▶ _Data for this task_:
-- -- --
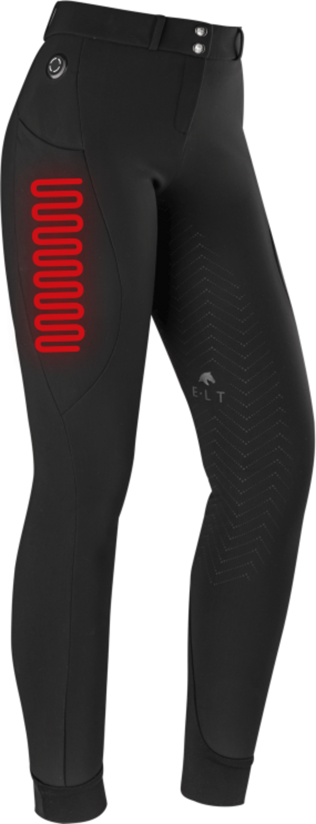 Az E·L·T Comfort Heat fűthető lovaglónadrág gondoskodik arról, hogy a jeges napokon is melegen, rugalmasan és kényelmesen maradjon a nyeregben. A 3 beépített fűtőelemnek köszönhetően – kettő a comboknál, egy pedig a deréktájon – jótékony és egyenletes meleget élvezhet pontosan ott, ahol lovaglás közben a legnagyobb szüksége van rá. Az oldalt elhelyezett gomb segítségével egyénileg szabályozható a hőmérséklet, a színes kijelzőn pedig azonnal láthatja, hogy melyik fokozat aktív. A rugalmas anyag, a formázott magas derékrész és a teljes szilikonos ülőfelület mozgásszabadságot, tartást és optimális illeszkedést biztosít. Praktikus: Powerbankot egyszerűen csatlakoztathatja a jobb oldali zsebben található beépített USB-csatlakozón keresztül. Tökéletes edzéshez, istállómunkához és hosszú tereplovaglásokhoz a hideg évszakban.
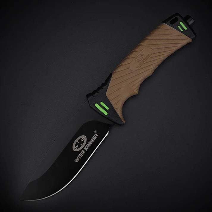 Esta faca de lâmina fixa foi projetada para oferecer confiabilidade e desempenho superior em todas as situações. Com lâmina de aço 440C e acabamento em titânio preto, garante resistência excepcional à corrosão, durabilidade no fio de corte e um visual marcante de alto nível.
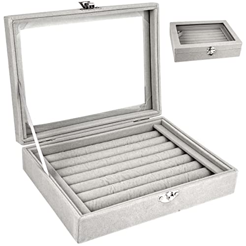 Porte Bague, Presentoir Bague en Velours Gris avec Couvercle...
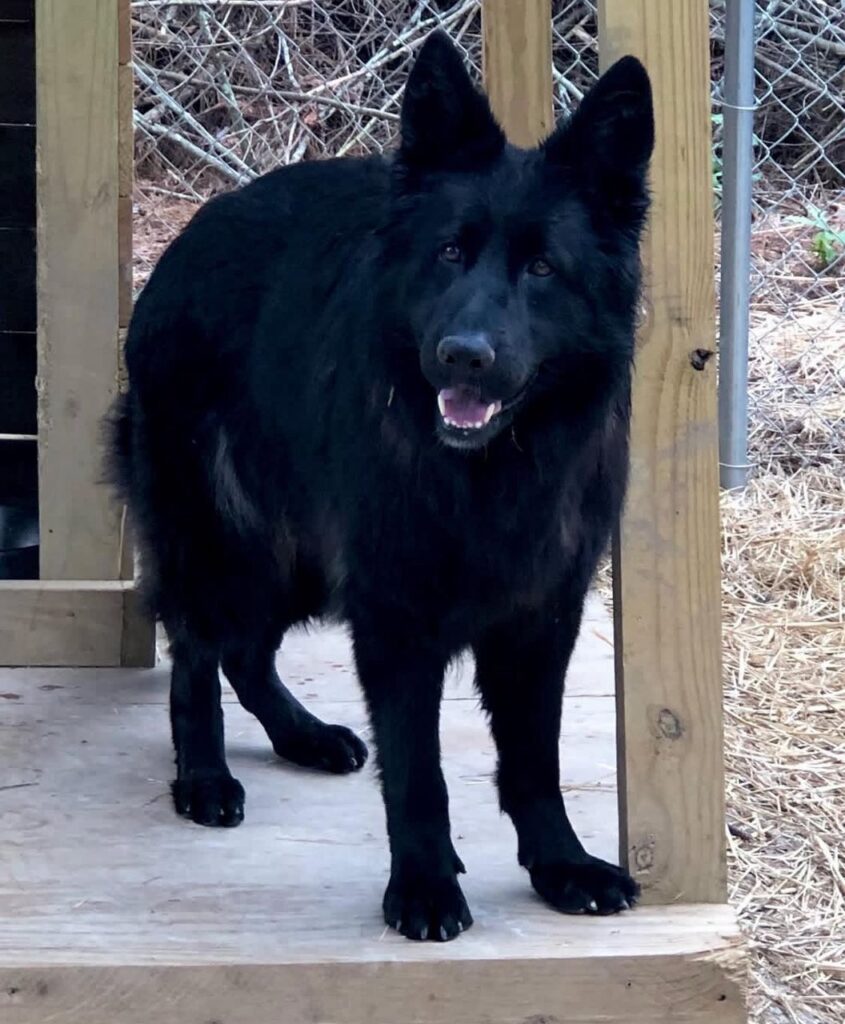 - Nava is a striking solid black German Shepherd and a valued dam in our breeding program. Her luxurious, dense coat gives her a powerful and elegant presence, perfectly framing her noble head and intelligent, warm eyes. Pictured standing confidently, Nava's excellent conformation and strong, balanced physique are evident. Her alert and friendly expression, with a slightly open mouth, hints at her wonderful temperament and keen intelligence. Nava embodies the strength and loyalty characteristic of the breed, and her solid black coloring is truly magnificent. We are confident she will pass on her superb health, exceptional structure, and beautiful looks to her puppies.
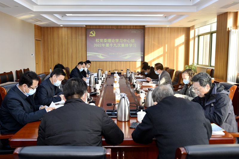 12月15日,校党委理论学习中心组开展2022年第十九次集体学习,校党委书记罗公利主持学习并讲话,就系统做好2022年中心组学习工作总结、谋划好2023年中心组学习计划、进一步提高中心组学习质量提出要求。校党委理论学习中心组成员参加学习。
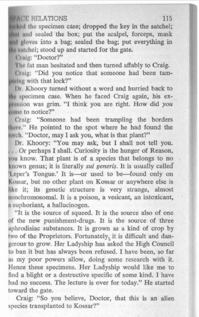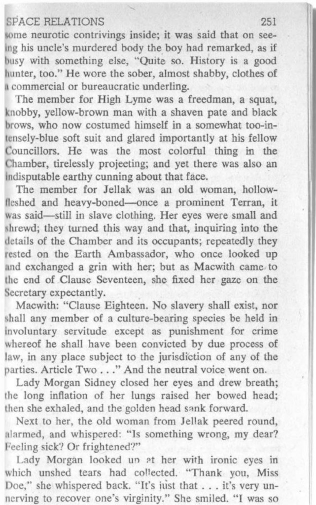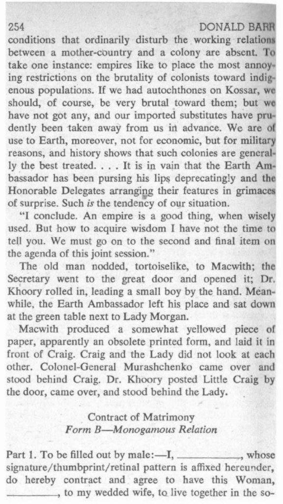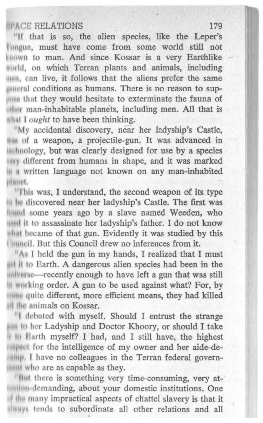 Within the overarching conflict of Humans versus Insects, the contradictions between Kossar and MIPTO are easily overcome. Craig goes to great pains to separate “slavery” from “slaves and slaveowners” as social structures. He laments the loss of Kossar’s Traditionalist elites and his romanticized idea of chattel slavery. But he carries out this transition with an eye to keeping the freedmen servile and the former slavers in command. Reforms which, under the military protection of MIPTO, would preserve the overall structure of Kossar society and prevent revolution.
-- -- --
Once the pictures are set aside, please output all the data word for word.

 Az E·L·T Comfort Heat fűthető lovaglónadrág gondoskodik arról, hogy a jeges napokon is melegen, rugalmasan és kényelmesen maradjon a nyeregben. A 3 beépített fűtőelemnek köszönhetően – kettő a comboknál, egy pedig a deréktájon – jótékony és egyenletes meleget élvezhet pontosan ott, ahol lovaglás közben a legnagyobb szüksége van rá. Az oldalt elhelyezett gomb segítségével egyénileg szabályozható a hőmérséklet, a színes kijelzőn pedig azonnal láthatja, hogy melyik fokozat aktív. A rugalmas anyag, a formázott magas derékrész és a teljes szilikonos ülőfelület mozgásszabadságot, tartást és optimális illeszkedést biztosít. Praktikus: Powerbankot egyszerűen csatlakoztathatja a jobb oldali zsebben található beépített USB-csatlakozón keresztül. Tökéletes edzéshez, istállómunkához és hosszú tereplovaglásokhoz a hideg évszakban.
 Esta faca de lâmina fixa foi projetada para oferecer confiabilidade e desempenho superior em todas as situações. Com lâmina de aço 440C e acabamento em titânio preto, garante resistência excepcional à corrosão, durabilidade no fio de corte e um visual marcante de alto nível.
 Porte Bague, Presentoir Bague en Velours Gris avec Couvercle...
 - Nava is a striking solid black German Shepherd and a valued dam in our breeding program. Her luxurious, dense coat gives her a powerful and elegant presence, perfectly framing her noble head and intelligent, warm eyes. Pictured standing confidently, Nava's excellent conformation and strong, balanced physique are evident. Her alert and friendly expression, with a slightly open mouth, hints at her wonderful temperament and keen intelligence. Nava embodies the strength and loyalty characteristic of the breed, and her solid black coloring is truly magnificent. We are confident she will pass on her superb health, exceptional structure, and beautiful looks to her puppies.
 12月15日,校党委理论学习中心组开展2022年第十九次集体学习,校党委书记罗公利主持学习并讲话,就系统做好2022年中心组学习工作总结、谋划好2023年中心组学习计划、进一步提高中心组学习质量提出要求。校党委理论学习中心组成员参加学习。
 Within the overarching conflict of Humans versus Insects, the contradictions between Kossar and MIPTO are easily overcome. Craig goes to great pains to separate “slavery” from “slaves and slaveowners” as social structures. He laments the loss of Kossar’s Traditionalist elites and his romanticized idea of chattel slavery. But he carries out this transition with an eye to keeping the freedmen servile and the former slavers in command. Reforms which, under the military protection of MIPTO, would preserve the overall structure of Kossar society and prevent revolution.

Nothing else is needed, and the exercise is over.